Archive for the ‘High Performance MySQL’ tag
I wrote a couple weeks ago about my work on the Backup and Recovery chapter for High Performance MySQL, 2nd Edition. Thanks for your comments and suggestions, and thanks to those of you who helped me over email as well.
I’ve had several questions about what is included in the chapter, so I thought I’d post the outline as it stands now:
[Introduction] It's All About Recovery Topics We Won't Cover Why Backups? Considerations and Tradeoffs What Can You Afford to Lose? Online or Offline Backups? Dump or Raw Backup? What to Back Up Incremental Backups Storage Engines and Consistency Data Consistency File Consistency Replication Backing Up Data Dumping Data from MySQL SQL dumps Delimited File Dumps Parallel Dump and Restore Filesystem Snapshots How LVM Snapshots Work Prerequisites and Configuration Creating, Mounting and Removing an LVM Snapshot Warm Backups with LVM Snapshots Hot InnoDB Backups with LVM Snapshots Copying Files Across the Network Restoring from a Backup Restoring from Raw Files Starting MySQL After Restoring Raw Files Restoring from Dumps Loading SQL Dumps Loading Delimited Dumps Point-In-Time Recovery More Advanced Recovery Techniques Delayed Replication for Fast Recovery Filtering Through Replication InnoDB Recovery Backup and Recovery Speed Backup Tools mysqldump mysqlhotcopy InnoDB Hot Backup mylvmbackup Zmanda Recovery Manager Installing and Testing ZRM Comparison of Backup Tools Scripting Backups
Whew! Even with such a detailed outline, it’s hard to tell how much material is in there (it could be all headings and no text, right?). To give you a rough idea, it’s 32 pages in OpenOffice.org. In fact, I’d say the places that are the least in-depth are “Why Backups?” and the last two sections.
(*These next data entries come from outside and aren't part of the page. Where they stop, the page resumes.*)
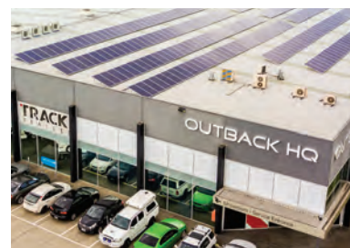
TRACK FACTORY AND MELBOURNE OUTLET OUTBACK HQ

From humble beginnings we have climbed to heights none of us could have imagined. We have endured and 'made hay' on the economic swings and roundabouts and continuously innovated, inspiring our customers and competitors alike.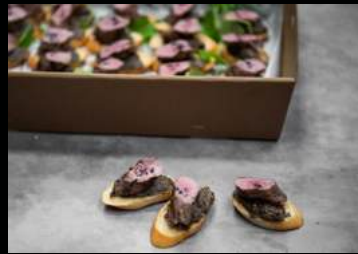
LAMB FILLET CROSTINI $120

Peppered lamb fillet crostini, truffled mushroom pate (24 pieces)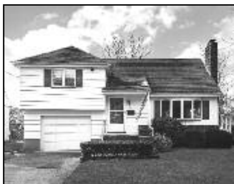
6 Blake Avenue, Cranford Offered at $450,000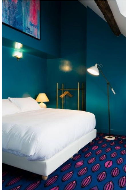
Hôtel Grand Amour

You'd never guess it by the coolly on-trend decor, but you can book this brandnew Left Bank spot starting at just $160 per night. Each of the 50 rooms—created with the contemporary traveler in mind—is slightly different, yet all of them have an understated aesthetic that expertly mixes new and vintage designs.

As I wrote, I became conscious that a lot of these topics are not specific to MySQL, and there are other books specifically about backup that you should read. My focus for this book, I decided, should be on High Performance MySQL Backup and Recovery.
That’s why I went into such significant detail. For example, the section on copying files across the network is not fluff. It’s benchmarks of file copy methods. And in the section on loading SQL dumps, I show you how to use
sed to extract the CREATE TABLE statement for one table out of a huge all-tables dump without decompressing the file and opening it with a text editor (just in case you were silly enough to dump everything into one monolithic file). At present I’d say this chapter has at least four or five times more material than its counterpart in the first edition.
A side effect of working on this chapter is that it motivated me to finish the work I had half-done on parallel dumps (see my most recent few posts for more on this). All good stuff.
I’ll post “further updates as events warrant.”
Progress on High Performance MySQL, Second Edition is coming along nicely. You have probably noticed the lack of epic multi-part articles on this blog lately — that’s because I’m spending most of my spare time on the book. At this point, we have significant work done on some of the hardest chapters, like Schema Optimization and Query Optimization. I’ve been deep in the guts of those hard optimization chapters for a while now, so I decided to venture into lighter territory: Backup and Recovery, which is one of the few chapters we planned to “revise and expand” from the first edition, rather than completely writing from scratch.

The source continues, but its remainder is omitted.